SENATE, No. 2082





      Senate Committee Substitute for Senate Bill No. 2082 of 1997 imposes a 10 percent surcharge on all commissary sales in State and county correctional facilities in order to generate additional revenues to compensate crime victims pursuant to the "Criminal Injuries Compensation Act of 1971," P.L.1971, c.317 (C.52:4B-1 et seq.) or any other law. The bill also provides that any sales subject to the surcharge would not be subject to sales tax.

      Every defendant found guilty of a criminal offense is required by law to pay an assessment to the Victims of Crime Compensation Board (VCCB). The moneys paid into the VCCB's account are used to provide compensation to the victims of crime.

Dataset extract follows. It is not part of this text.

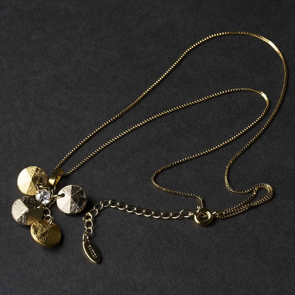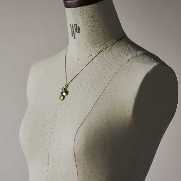 硬質でクールでありながら、女性らしいエレガントさを感じさせるネックレス。優美な雰囲気のネックレストップに、光沢がある滑らかな着け心地のチェーンがマッチしています。アジャスターで長さ調節が出来ます。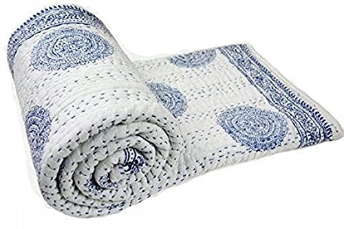 Vit kung/tvilling handgjord bohemisk handblock tryck ren bomull överkast kantha söm hippie kantha säng spridning vändbart sängöverkast överkast överkast (vit och blå, 228 x 258 cm)

However, although every defendant is assessed a penalty payable to the VCCB, not all of those assessments are paid.

      The Department of Corrections states that about $10 million is spent by State prisoners on commissary purchases each year. The department notes that it is not clear whether the 10 percent surcharge would be added to every commissary purchase regardless of whether an inmate owes VCCB assessment or not. Although the department is unable to estimate the cost of implementing this program, it states that if only inmates who owe VCCB assessments are subject to the surcharge, it would be required to identify the specific inmates and the amount of unpaid assessment for both current and prior convictions. Current computer systems lack the ability to identify and track VCCB assessment or any other revenue categories. Modification of software would be extremely costly, and even with the modifications, insufficient capacity for data storage would prohibit the ability to operate such a system. A manual system for researching and tracking assessments and payments would not be feasible.

      The Office of Legislative Services (OLS) notes that if the assessment is placed on all inmate commissary purchases regardless of the amount owed per inmate, the department would simply be required to increase the product prices by 10 percent, for total annual collections of about $1 million, to be transferred to the VCCB for the payment of claims. The OLS also notes that the elimination of the requirement to pay sales tax on certain items would reduce State revenue by up to $600,000 per year. The cost of implementing such a program should be minimal.


This fiscal note has been prepared pursuant to P.L.1980, c.67.